Abstracts

Rationale: Glioblastomas show high incidence of epilepsy. The tyrosine kinase family protein, Lyn plays an important role in synaptic excitability mediated neuroinflammation. Accordingly, Lyn could mediate the mechanism between inflammation excitability in acquired epileptogenesis related to glioblastoma. The goal was to examine levels of Lyn in vivo and in vitro of glioma and in synaptosome extract from experimental temporal lobe epilepsy. Methods: Glioblastoma cells (U87MG) was implanted in the right striatum in adult female nude mice. Behavior was monitoring during 6 weeks. Total Lyn and phosphorylated Lyn were analyzed in glioblastoma cell culture in clinical relevant Lyn kinase inhibitor, was administered at different doses during cell growth. Status epilepticus (SE) was induced by intraperitoneal administration of pilocarpine followed by diazepam administration 90 minutes later in adult male C57BL/6 mice. Seizures were monitored using continuous video-local field potential recordings during 7 days and then brain samples were collected for histology and western blot analysis according established protocols. Mice with spontaneous seizures only were selected for the study. Coronal sections of the brain were stained against anti p-Lyn and co-localized with synaptic markers. Dorsal hippocampal regions were analyzed through decovo-immunofluorescence microscopy and imaging software. Synaptosome was extracted from the total hippocampi and homogenized in sucrose solution, then stored for assay in a buffer with a cocktail of various protease inhibitors.

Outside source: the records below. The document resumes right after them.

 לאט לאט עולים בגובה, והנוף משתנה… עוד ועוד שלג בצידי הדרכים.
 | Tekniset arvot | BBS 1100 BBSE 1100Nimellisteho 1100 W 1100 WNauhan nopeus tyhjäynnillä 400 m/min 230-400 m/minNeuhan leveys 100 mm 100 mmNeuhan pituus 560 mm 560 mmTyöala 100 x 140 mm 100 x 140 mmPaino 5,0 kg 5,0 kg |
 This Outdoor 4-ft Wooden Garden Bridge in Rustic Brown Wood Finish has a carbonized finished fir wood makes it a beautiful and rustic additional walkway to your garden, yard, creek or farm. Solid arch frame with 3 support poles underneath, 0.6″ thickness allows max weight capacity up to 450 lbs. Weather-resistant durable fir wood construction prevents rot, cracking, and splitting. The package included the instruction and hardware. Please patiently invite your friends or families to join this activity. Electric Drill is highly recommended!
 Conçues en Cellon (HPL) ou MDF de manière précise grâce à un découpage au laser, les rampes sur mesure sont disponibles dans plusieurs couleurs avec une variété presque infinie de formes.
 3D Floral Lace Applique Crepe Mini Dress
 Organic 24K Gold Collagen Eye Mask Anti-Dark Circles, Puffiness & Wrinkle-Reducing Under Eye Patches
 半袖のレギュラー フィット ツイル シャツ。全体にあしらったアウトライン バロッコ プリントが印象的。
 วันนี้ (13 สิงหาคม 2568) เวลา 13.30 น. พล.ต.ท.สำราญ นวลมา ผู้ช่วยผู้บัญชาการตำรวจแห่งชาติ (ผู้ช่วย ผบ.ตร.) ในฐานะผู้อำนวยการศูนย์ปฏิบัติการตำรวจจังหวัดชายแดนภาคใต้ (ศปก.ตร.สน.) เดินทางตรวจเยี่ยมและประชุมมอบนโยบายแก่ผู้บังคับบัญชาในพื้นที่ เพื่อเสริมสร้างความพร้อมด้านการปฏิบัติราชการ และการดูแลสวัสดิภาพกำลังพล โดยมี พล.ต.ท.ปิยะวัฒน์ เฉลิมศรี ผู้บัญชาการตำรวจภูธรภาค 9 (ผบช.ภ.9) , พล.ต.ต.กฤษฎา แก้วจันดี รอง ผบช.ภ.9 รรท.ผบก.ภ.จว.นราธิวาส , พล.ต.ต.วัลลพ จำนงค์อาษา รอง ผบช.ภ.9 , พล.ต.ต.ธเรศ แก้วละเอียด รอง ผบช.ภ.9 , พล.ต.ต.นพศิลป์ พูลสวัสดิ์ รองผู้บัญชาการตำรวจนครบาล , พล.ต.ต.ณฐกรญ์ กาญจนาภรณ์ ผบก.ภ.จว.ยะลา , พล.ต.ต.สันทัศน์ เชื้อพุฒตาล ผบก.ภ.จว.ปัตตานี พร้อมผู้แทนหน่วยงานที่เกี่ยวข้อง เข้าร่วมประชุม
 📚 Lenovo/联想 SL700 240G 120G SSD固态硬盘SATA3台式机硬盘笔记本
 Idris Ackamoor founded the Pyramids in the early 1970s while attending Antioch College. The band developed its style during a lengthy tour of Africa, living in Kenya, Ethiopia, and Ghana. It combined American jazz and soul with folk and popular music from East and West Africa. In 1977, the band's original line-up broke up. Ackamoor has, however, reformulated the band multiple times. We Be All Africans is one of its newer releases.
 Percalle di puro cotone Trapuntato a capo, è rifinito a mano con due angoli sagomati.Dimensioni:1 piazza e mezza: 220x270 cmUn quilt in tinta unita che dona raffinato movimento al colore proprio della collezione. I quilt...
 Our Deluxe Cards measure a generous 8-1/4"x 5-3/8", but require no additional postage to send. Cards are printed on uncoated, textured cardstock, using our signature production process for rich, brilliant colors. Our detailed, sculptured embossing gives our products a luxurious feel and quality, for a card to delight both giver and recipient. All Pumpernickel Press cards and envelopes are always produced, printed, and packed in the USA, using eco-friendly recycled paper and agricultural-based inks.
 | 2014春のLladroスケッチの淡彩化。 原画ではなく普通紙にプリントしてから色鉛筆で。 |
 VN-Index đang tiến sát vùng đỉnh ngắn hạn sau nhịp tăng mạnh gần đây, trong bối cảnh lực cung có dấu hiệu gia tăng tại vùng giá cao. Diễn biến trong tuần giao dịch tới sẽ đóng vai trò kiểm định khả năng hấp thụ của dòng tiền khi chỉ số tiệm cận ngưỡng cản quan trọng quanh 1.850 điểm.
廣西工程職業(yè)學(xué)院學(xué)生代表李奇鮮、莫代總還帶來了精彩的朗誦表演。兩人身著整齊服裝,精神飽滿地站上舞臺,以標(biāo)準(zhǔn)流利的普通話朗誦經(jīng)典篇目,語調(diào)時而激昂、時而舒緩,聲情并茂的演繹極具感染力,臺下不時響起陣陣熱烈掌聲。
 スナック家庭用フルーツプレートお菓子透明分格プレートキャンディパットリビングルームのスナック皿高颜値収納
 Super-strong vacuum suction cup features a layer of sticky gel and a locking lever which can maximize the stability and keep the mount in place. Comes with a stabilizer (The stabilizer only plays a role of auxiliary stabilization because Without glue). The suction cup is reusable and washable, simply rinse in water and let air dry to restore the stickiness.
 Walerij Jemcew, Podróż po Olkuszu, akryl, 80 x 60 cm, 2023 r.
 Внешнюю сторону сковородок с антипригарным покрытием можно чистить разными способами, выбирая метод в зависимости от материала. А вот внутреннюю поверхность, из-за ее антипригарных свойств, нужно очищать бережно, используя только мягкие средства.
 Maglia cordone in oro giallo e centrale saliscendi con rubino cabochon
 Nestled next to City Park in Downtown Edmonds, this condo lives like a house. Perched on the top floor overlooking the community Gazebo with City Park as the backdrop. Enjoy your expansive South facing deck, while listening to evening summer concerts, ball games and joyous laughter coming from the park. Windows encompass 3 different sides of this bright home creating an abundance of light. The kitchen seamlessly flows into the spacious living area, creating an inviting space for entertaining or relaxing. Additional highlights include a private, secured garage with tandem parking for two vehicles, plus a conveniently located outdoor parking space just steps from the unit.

Western Blots were performed in glioblastoma and synaptosome samples with the phosphorylated Lyn antibody and detected using chemiluminescence western detection kit. Immunoblot images were acquired using scanner and analyzed with imaging software. Results: Level of phosphorylated Lyn increased in glioblastoma and also in synaptosome extracts from hippocampi of epileptogenic mice. Lyn activation was effectively inhibited by bafetinib. In addition p-Lyn IR like profiles increase in hippocampal layers and co-localized with synaptic markers. Conclusions: Lyn activation could mediate neuronal hyper-excitability during acquired epileptogenesis. Inhibition of Lyn kinase may provide a new therapeutic target as antiepileptogenesis mediated by gliomas.